Spatial distribution of near-infrared and optical emission properties in the bipolar nebula Menzel 3

Ground-based optical spectra combined with near-infrared spectra and images of the young bipolar planetary nebula Menzel 3 (Mz 3) reveal positional variations in extinction, excitation, density and other characteristics. Interstellar extinction is probably less than A_V= 2.65, while extinction toward the nucleus is approximately 4.6 mag. The lobes show stratified ionization, with high-excitation emission localized at high latitudes. Quantitative analysis using the CLOUDY spectral synthesis code suggests that the polar lobes `see' an excitation source similar to a blackbody of roughly 36000 K and 10000 L<sub>solar</sub>, and chemical abundances reveal that the ejecta have He enhanced by a factor of ~2, and N enhanced more strongly, with N/O~1. The lobes are probably radiatively excited, but shocks may heat the `blisters' at the polar axis.
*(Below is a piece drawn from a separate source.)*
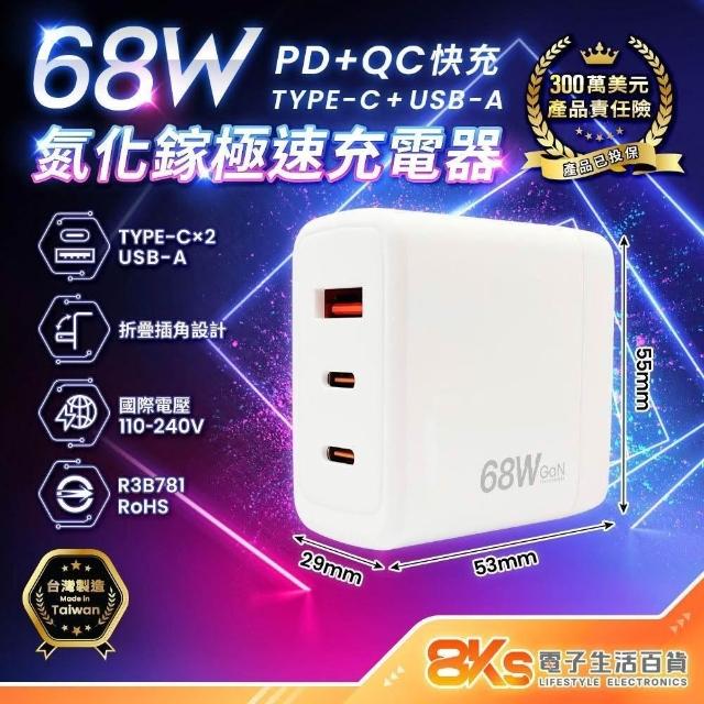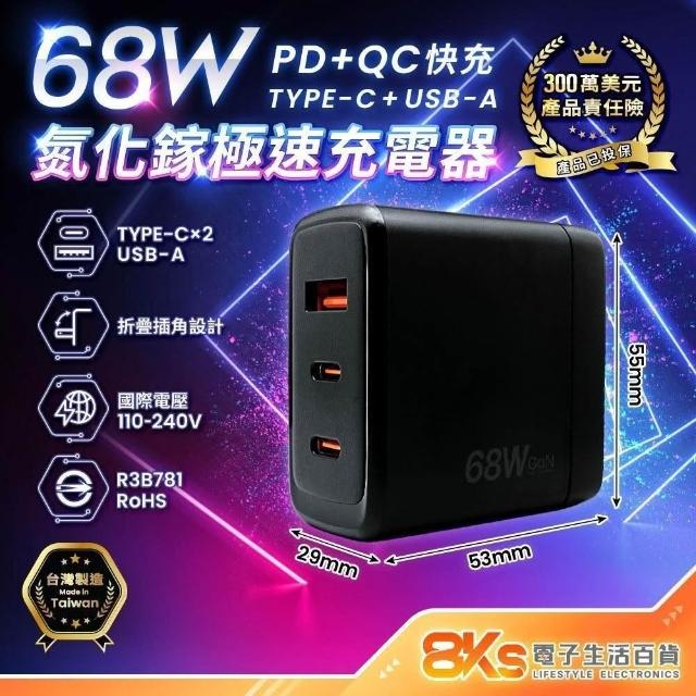 《台灣製造》68W氮化鎵 充電器 PD+QC快充 多孔充電頭 折疊插角 蘋果安卓手機 TYPE-C USB BSMI認證
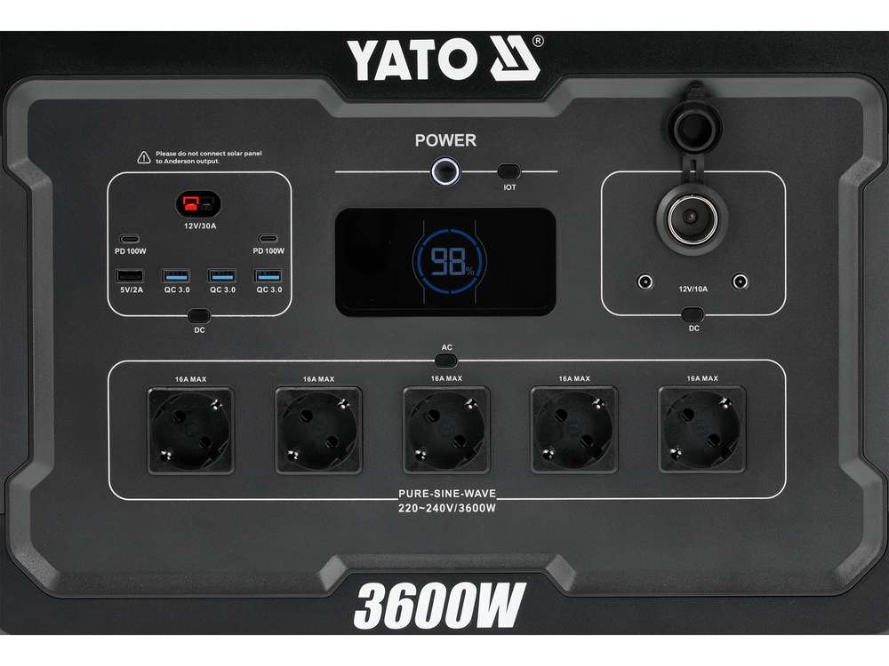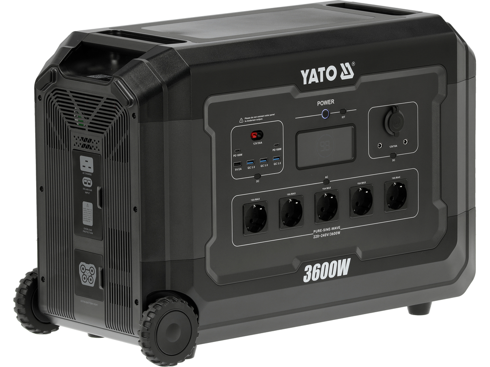 Estación de energía avanzada portátil YATO con una capacidad muy grande de 3072 Wh y una potencia de salida de 3600 W, equipada con una moderna batería de LiFePO4, ha sido diseñada como una fuente de energía estable y a largo plazo para aplicaciones exigentes. La tecnología de litio-hierro-fosfato proporciona una vida útil excepcional de las celdas, alta resistencia a descargas profundas y mantenimiento de parámetros de funcionamiento estables, incluso con cargas intensivas y prolongadas. Esta gran reserva de energía permite alimentar tanto la electrónica de consumo y la iluminación, como herramientas eléctricas y electrodomésticos seleccionados, sin necesidad de recargar energía con frecuencia.

The bright, unresolved nucleus has a crowded emission spectrum distinct from the diffuse bipolar lobes, and it indicates high electron densities of 10⁶-10⁷ cm^-3. An equatorial disc-like geometry for dense gas in the nucleus is likely. The nucleus also shows a nearly power-law continuum; when corrected for reddening it may require two stars, one hot star and one cool giant, along with hot ~900-K dust. A distance up to ~2.5 kpc is possible. In general, the spectral characteristics of Mz 3 are similar to those of the well-studied nebula M 2-9, and the two objects may share a similar evolutionary history. However, an important difference between them is that Mz 3 appears to be mostly devoid of molecular hydrogen, while infrared H₂ lines are conspicuous in M 2-9.